Un conjunto de vectores aleatorios iid de igual tamaño se suman juntos por elementos:
$$\sum_{i=1}^{n}X_i=Y$$
Mi modelado sugiere que
$$E \izquierda[\sum_{i=1}^{n}\rho_{X_i,Y}^2\right]<1$$
mientras
$$E \izquierda[\sum_{i=1}^{n}r_{X_i,Y}^2\right]=1$$
Estas son las formas en que he visto el problema hasta ahora para cuando $X \sim \mathcal{N}(0, 1)$ pero lo siguiente también funciona para otras distribuciones comunes:
Número fijo de variables, tamaño de muestra fijo, función de correlación variada
Dadas solo 3 variables y un tamaño de muestra de 1000, las distribuciones de Spearman’s
$$\rho_{X_1,Y}^2+\rho_{X_2,Y}^2+\rho_{X_3,Y}^2$$
y de Pearson
$$r_{X_1,Y}^2+r_{X_2,Y}^2+r_{X_3,Y}^2$$
son como sigue:
Número fijo de variables, tamaño de muestra variado
Así es como la distribución de $\rho_{X_1,Y}^2+\rho_{X_2,Y}^2+\rho_{X_3,Y}^2$ parece para varios tamaños de muestra, lo que indica claramente algún sesgo persistente:
Tamaño de muestra fijo, número variado de variables
Cuando aumenta el número de variables, la media parece alejarse aún más de 1 (tamaño de muestra de 10000):
Preguntas
- ¿Mi modelado es correcto?
- ¿Existe un sesgo para la suma de $\rho^2$¿O está convergiendo a 1 con el aumento del tamaño de la muestra pero muy lentamente?
- Si hay un sesgo, ¿se puede derivar analíticamente?
- Si de hecho está convergiendo, ¿se puede aumentar la tasa de convergencia?
Aquí está mi código:
library(ggplot2)
library(dplyr)
library(purrr)
r_squared_sum <- function(num_vars, distrib_func, rsq_func, iterations=1000) {
R_sq_sums <- c()
for (i in 1:iterations) {
data <- c()
for (j in 1:num_vars) {
data <- append(data, list(distrib_func()))
}
Y = Reduce(`+`, data)
R_sq_sum = Reduce(`+`, lapply(data, partial(rsq_func, y=Y)))
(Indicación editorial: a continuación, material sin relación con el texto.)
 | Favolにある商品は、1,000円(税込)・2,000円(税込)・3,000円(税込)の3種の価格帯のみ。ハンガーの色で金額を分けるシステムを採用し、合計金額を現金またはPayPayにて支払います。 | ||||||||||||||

R_sq_sums <- append(R_sq_sums, R_sq_sum)
}
return(data.frame(r_squared_sum=R_sq_sums))
}
# ---------------------------------------------
# Fixed number of variables, fixed sample size,
# varied correlation function, histogram
# ---------------------------------------------
data_spearman <- r_squared_sum(
num_vars=3,
distrib_func=partial(rnorm, 10000, 0, 1),
rsq_func=function (x, y) cor(x, y, method='spearman')^2
)
data_spearman$method <- 'spearman'
data_pearson <- r_squared_sum(
num_vars=3,
distrib_func=partial(rnorm, 10000, 0, 1),
rsq_func=function (x, y) cor(x, y, method='pearson')^2
)
data_pearson$method <- 'pearson'
ggplot(
bind_rows(data_pearson, data_spearman),
aes(x=r_squared_sum, fill=method, color=method)
) + geom_histogram(position="identity", alpha=0.8)
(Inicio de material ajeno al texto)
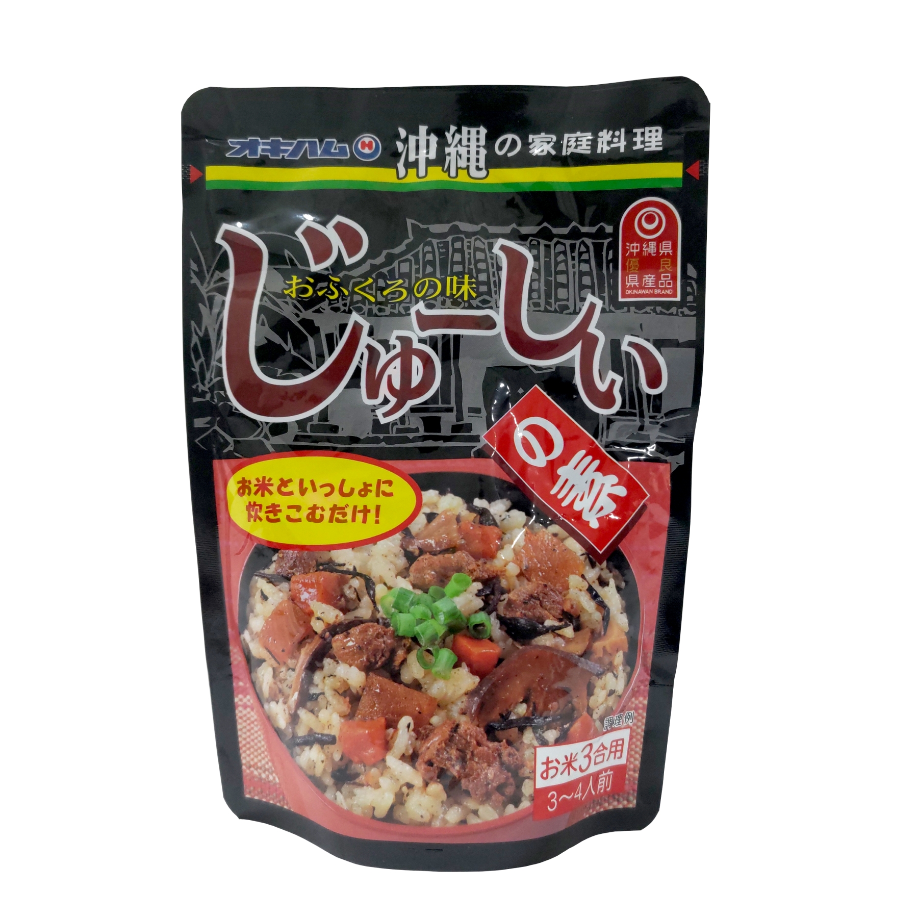 野菜や豚肉が入った、沖縄風炊き込みご飯の素です。お米3合と一緒に炊くだけで手軽に美味しい沖縄の味がお楽しみ頂けます。

# -------------------------------------------------------
# Fixed number of variables, varied samlpe size, boxplots
# -------------------------------------------------------
sample_size_range <- c(1000, 10000, 100000, 1000000)
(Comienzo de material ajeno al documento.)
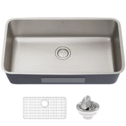 - Sink kit includes: large single bowl undermount sink, protective bottom grid with soft rubber bumpers, VersiDrain assembly with removable strainer and flip cap

distrib_func_range <- lapply(
sample_size_range,
partial,
.f=partial(rnorm, mean=0, sd=1)
)
data_frames <- lapply(
distrib_func_range,
partial(
r_squared_sum,
num_vars=3,
rsq_func=function (x, y) cor(x, y, method='spearman')^2
)
)
for (i in 1:length(sample_size_range)) {
data_frames[[i]]$sample_size = as.character(sample_size_range[i])
}
ggplot(
bind_rows(data_frames),
aes(y=sample_size, x=r_squared_sum)
) + geom_boxplot()
# -------------------------------------------------------
# Fixed samlpe size, varied number of variables, boxplots
# -------------------------------------------------------
num_vars_range = 2:9
data_frames <- lapply(
num_vars_range,
partial(
r_squared_sum,
distrib_func=partial(rnorm, 10000, 0, 1),
rsq_func=function (x, y) cor(x, y, method='spearman')^2
)
)
for (i in 1:length(num_vars_range)) {
data_frames[[i]]$num_vars = as.character(num_vars_range[i])
}
ggplot(
bind_rows(data_frames),
aes(y=num_vars, x=r_squared_sum)
) + geom_boxplot()
Implementé un modelado similar en Python (mi idioma principal) con los mismos resultados.